Encoding frequency Modulation to improve cochlear implant performance in noise

• Published in: IEEE transactions on biomedical engineering Vol. 52; no. 1; pp. 64 - 73
• Main Authors: Kaibao Nie, Stickney, G., Fan-Gang Zeng
• Format: Journal Article
• Language: English
• Published: United States IEEE 01.01.2005; The Institute of Electrical and Electronics Engineers, Inc. (IEEE)
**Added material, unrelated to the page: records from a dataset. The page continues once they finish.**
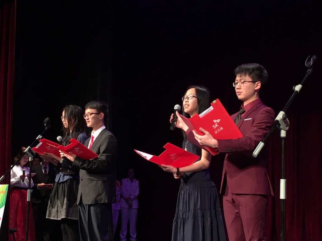仪式在国歌唱响的黄浦剧场举行。同学们每个人的头上,都戴上了一顶火红的星形学士帽,象征着他们即将步入成年,带着知识与梦想奋发向前。奏唱校歌国歌之后,同学们欣赏了由学生代表们表演的诗朗诵。诗很长,从儿时的回忆,到成长的历程,再到对于未来的展望,台上穿着华丽正装的少年少女们用自己的深情演绎了他们对于成人的理解,也引发了台下同学们的一致共鸣。朗诵结束,现场爆发出一阵热烈的掌声。
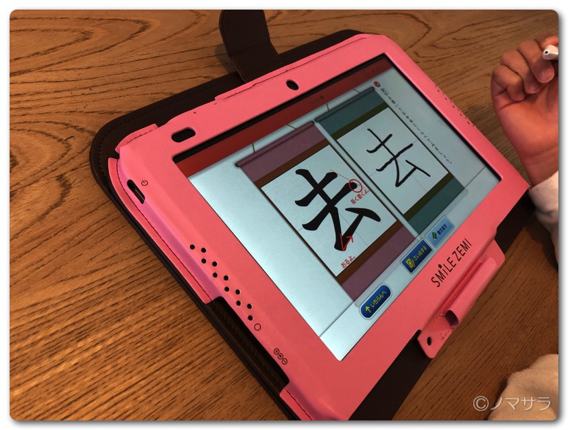専用のペンにより手書きで直接画面に書き込むことができます。反応速度はiPadProなどと比べると若干遅いような気がしますが気になるほどではなく、使用に問題はありません。漢字の練習はなぞったものがそのまま反映され、差分を判断して上手い下手を判定してくれます。
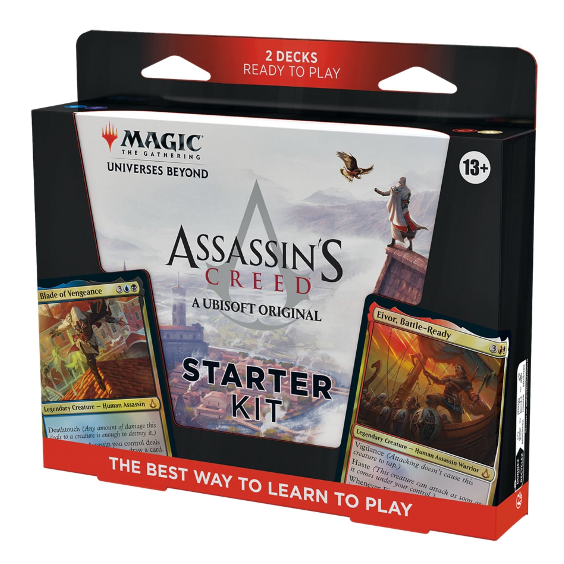 Each Assassin's Creed Starter Kit contains: - [2] ready-to-play 60-card decks: 1 red-white deck and 1 blue-black deck - [2] Mythic Rare cards (1 per deck) - [8] Rare cards (4 per deck) - [2] deck boxes (1 per deck) - [1] Magic the Gathering play guide
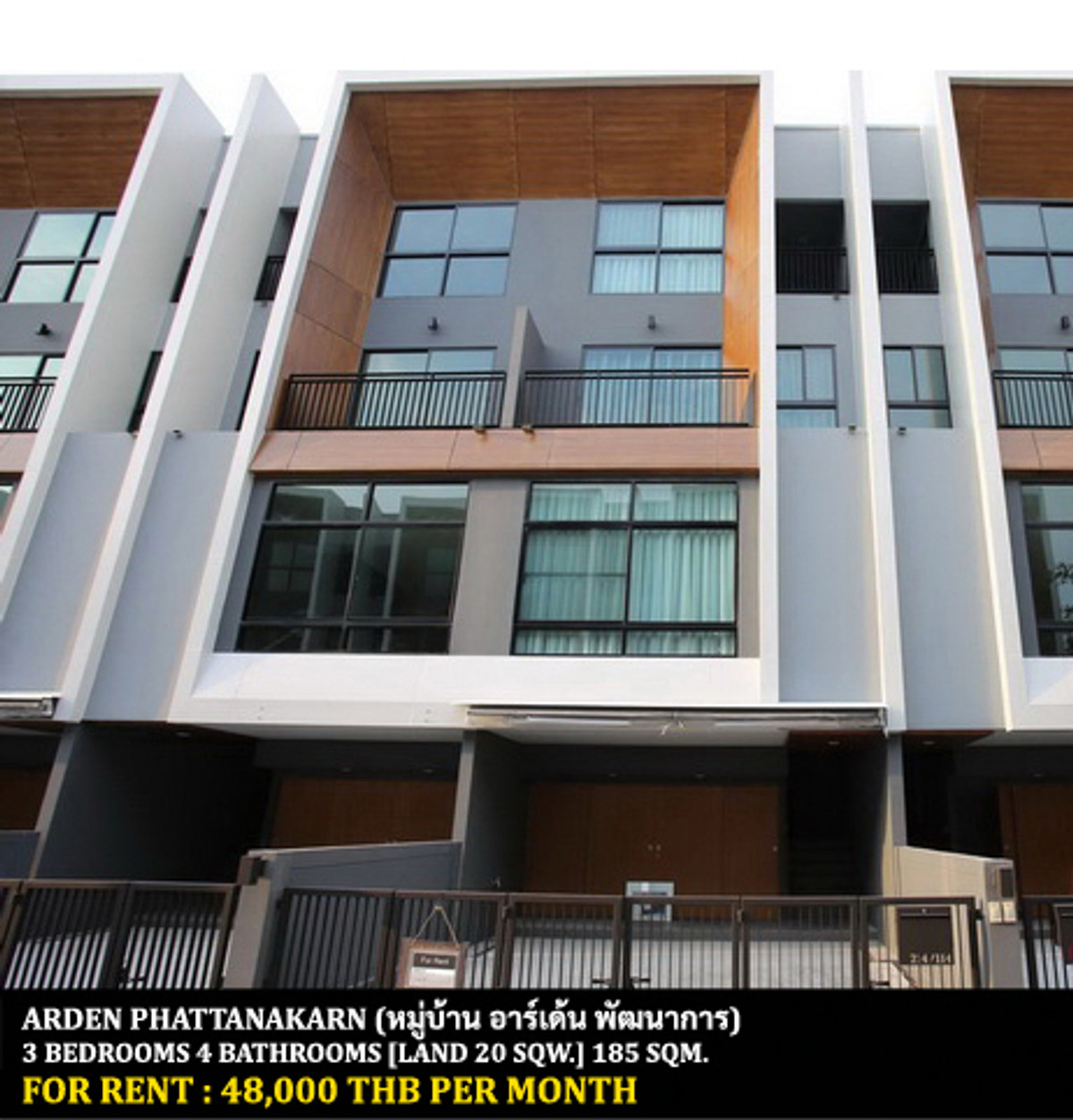 [ให้เช่า] หมู่บ้าน อาร์เด้น พัฒนาการ / 3 ห้องนอน 4 ห้องน้ำ / 20 ตรว. 185 ตรม. **48,000** ทาวน์โฮม 3 ชั้นใจกลางเมือง ตกแต่งสวย เฟอร์นิเจอร์และเครื่องใช้ไฟฟ้าครบชุด เดินทางสะดวก พร้อมเข้าอยู่ เพียง 15 นาทีจากทองหล่อ
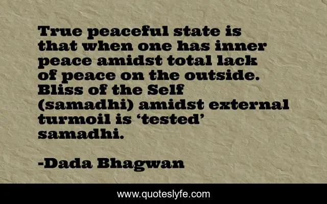 This page presents the quote "True peaceful state is that when one has inner peace amidst total lack of peace on the outside. Bliss of the Self (samadhi) amidst external turmoil is ‘tested’ samadhi.". Author of this quote is Dada Bhagwan. This quote is about spiritual, samadhi, self, peace, soul, bliss, peaceful, atma, happiness,.

• Subjects: Acoustic noise; Acoustics; Algorithms; Amplitude modulation; cochlear implant; Cochlear Implants; Encoding; Equipment Failure Analysis - methods; fine structure; Frequency modulation; Humans; Information Storage and Retrieval - methods; Limiting; Noise; Noise level; Prosthesis Design; Reproducibility of Results; Sensitivity and Specificity; Signal analysis; signal processing; Signal Processing, Computer-Assisted; Sound Spectrography - methods; Speech Perception - physiology; Speech processing; Speech recognition; Stochastic Processes; temporal envelope
• ISSN: 0018-9294; 1558-2531
• DOI: 10.1109/TBME.2004.839799

Different from traditional Fourier analysis, a signal can be decomposed into amplitude and frequency modulation components. The speech processing strategy in most modern cochlear implants only extracts and encodes amplitude modulation in a limited number of frequency bands. While amplitude modulation encoding has allowed cochlear implant users to achieve good speech recognition in quiet, their performance in noise is severely compromised. Here, we propose a novel speech processing strategy that encodes both amplitude and frequency modulations in order to improve cochlear implant performance in noise. By removing the center frequency from the subband signals and additionally limiting the frequency modulation's range and rate, the present strategy transforms the fast-varying temporal fine structure into a slowly varying frequency modulation signal. As a first step, we evaluated the potential contribution of additional frequency modulation to speech recognition in noise via acoustic simulations of the cochlear implant. We found that while amplitude modulation from a limited number of spectral bands is sufficient to support speech recognition in quiet, frequency modulation is needed to support speech recognition in noise. In particular, improvement by as much as 71 percentage points was observed for sentence recognition in the presence of a competing voice. The present result strongly suggests that frequency modulation be extracted and encoded to improve cochlear implant performance in realistic listening situations. We have proposed several implementation methods to stimulate further investigation.